After the snow and drifts melt on our urban and rural landscapes, homeowners may want to cruise their property to look for winter damage to woody plants. These woody plants need to be inspected for snow, winter burn and wildlife damage after the snow melts, and then pruned if necessary.

Snow drift damage and pruning

Rhododendrons crushed under snow. Image: Rebecca Finneran, MSU Extension
These rhododendrons received crushing blows from snow raked from the roof above. Image: Rebecca Finneran, MSU Extension.

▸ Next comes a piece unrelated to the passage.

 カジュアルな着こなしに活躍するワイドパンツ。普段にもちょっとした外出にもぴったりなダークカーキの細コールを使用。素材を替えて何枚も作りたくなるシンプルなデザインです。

The weight of snow as it melts, as well as the freeze-thaw cycle in the spring, can apply a downward pressure on branches. Some of these branches may crack or break on landscape trees and shrubs, causing permanent damage. Foundation plantings may have more damage due to snow being roof-raked and landing on these plants.

If woody plant branches are cracked or broken, they should be pruned in the spring. The damaged limbs of woody shrubs can be pruned individually or if the majority of the shrub limbs are broken, a complete rejuvenation prune may be best. A complete rejuvenation prune is when all the branches of the shrub are pruned down to one or two inches above the ground. It may sound scary, but don’t worry! The shrub will grow back.

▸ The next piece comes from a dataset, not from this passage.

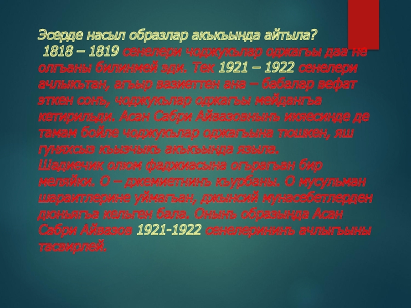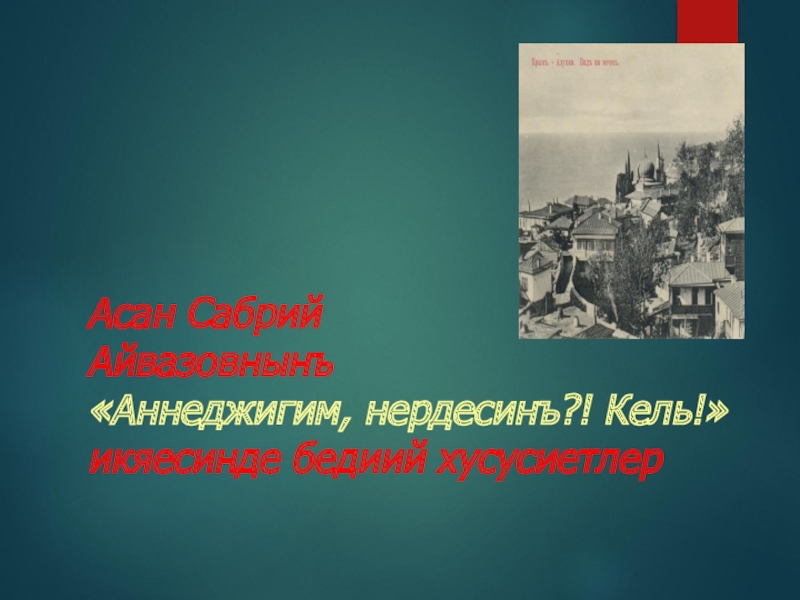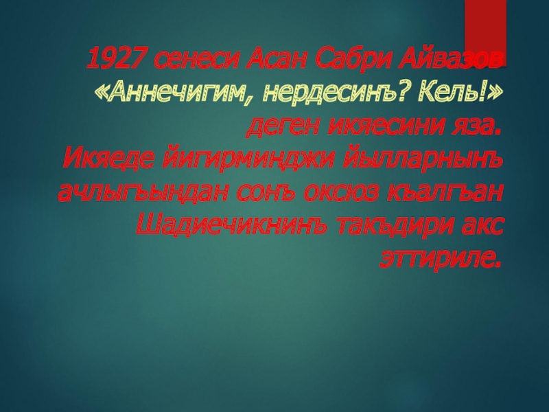Слайд 111927 сенеси Асан Сабри Айвазов «Аннечигим, нердесинъ? Кель!» деген икяесини яза.

Woody shrubs are usually more forgiving than evergreens, yews or conifers. Broken conifer limbs usually do not recover and eventually die. Thus these limbs should be pruned. In some cases a “wait and see” method of pruning management is a good idea to see what limbs survive and which limbs need to be pruned. Conifer limbs that are damaged or died may take up to 6 months to change needle color from green to brown.

Learn how and when to prune trees and shrubs.

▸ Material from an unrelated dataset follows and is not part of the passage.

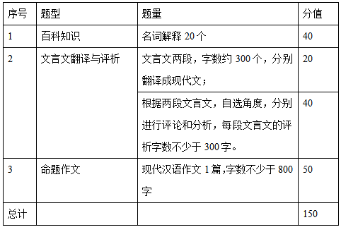 本科目考试内容涵盖百科知识、文言文理解与翻译及命题作文三个部分。满分为150分。

Browning of conifer needles

Many conifer trees and shrubs can suffer from winter burn or damage from cold winter winds. Again, a “wait and see” management strategy may be recommended to see if these limbs might recover in a few months. If the winter burn is severe, the tree/shrub may need to be replaced with a more tolerant winter conifer. Conifers susceptible to winter burn should be wrapped in burlap or a tree cover in the fall, and the wrap should be removed in the spring.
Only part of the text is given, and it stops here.